A tecnologia também pode sofrer um choque dramático, já que a China é a maior base de produção mundial de dispositivos, de iPhones a consolas de jogos (incluindo o Apple Watch), além de ter grandes centros de montagem de chips semicondutores usados nos automóveis e eletrodomésticos .

Várias empresas já sofreram algumas paralisações na atividade de suas instalações chinesas para cumprir as restrições locais.

Crise dos semicondutores

A revelação de que as exportações alemãs recuaram inesperadamente em agosto face a julho mostra que a crise no fornecimento de chips está já a afetar a indústria exportadora da Alemanha.

O mercado de ações de empresas de semicondutores também já se está a ressentir. O sector tecnológico está a pressionado pela queda das fabricantes de semicondutores depois da AAC Technologies, fornecedora da Apple, ter tombado em Hong Kong, após emissão de um profit warning, segundo relata o analista de mercados do Millennium investment banking, Ramiro Loureiro.

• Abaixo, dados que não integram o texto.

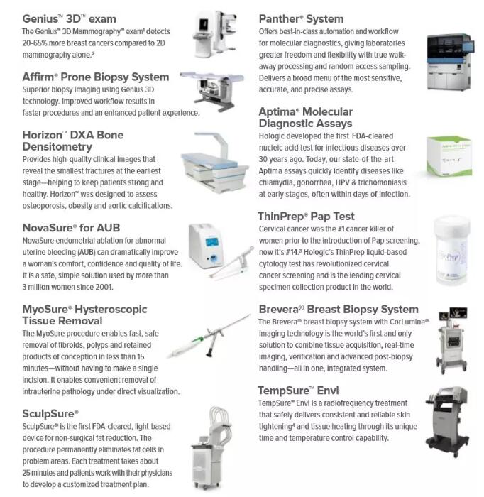 HOLOGIC(豪洛捷)是美國一家開發(fā)、生產(chǎn)和銷售診斷產(chǎn)品、醫(yī)療成像系統(tǒng)以及婦女外科檢查產(chǎn)品的公司,總部位于美國馬薩諸塞州波士頓市。豪洛捷在為女性健康服務(wù)的技術(shù)領(lǐng)域中位于世界前列,包括:乳腺癌的診斷與治療、宮頸癌篩查、產(chǎn)前檢測和骨質(zhì)疏松癥檢測。HOLOGIC公司分為:診斷、乳腺健康、婦科手術(shù)和骨骼健康四個事業(yè)部。

Os gigantes da tecnologia, incluindo Dell Technologies e Sony, não podem se dar ao luxo de outro choque de oferta. Essas empresas estão a sofrer certas limitações devido à escassez global de chips, que deve durar até 2022 ou mais.

Na indústria automóvel,  tal como a tecnologia, qualquer problema que aumente ainda mais a tensão no mercado de semicondutores atingirá diretamente as fabricantes de automóveis, que já viram sua produção prejudicada pela própria escassez de chips.

A falta de “chips” já levou ao cancelamento do Salão Automóvel de Genebra. A próxima edição deveria decorrer entre 19 e 27 de fevereiro de 2022.

O Salão Automóvel de Genebra decidiu cancelar a sua edição de 2022 devido às dificuldades no setor, confrontado com a falta de semicondutores, anunciaram hoje os organizadores. A edição do próximo ano passa para 2023, indicou a organização.

A crise dos ‘chips’ vai provavelmente prolongar-se até ao próximo ano, reconheceu Sandro Mesquita, diretor-geral do Salão de Genebra, num comunicado em que anuncia o cancelamento do evento, citado pela Lusa.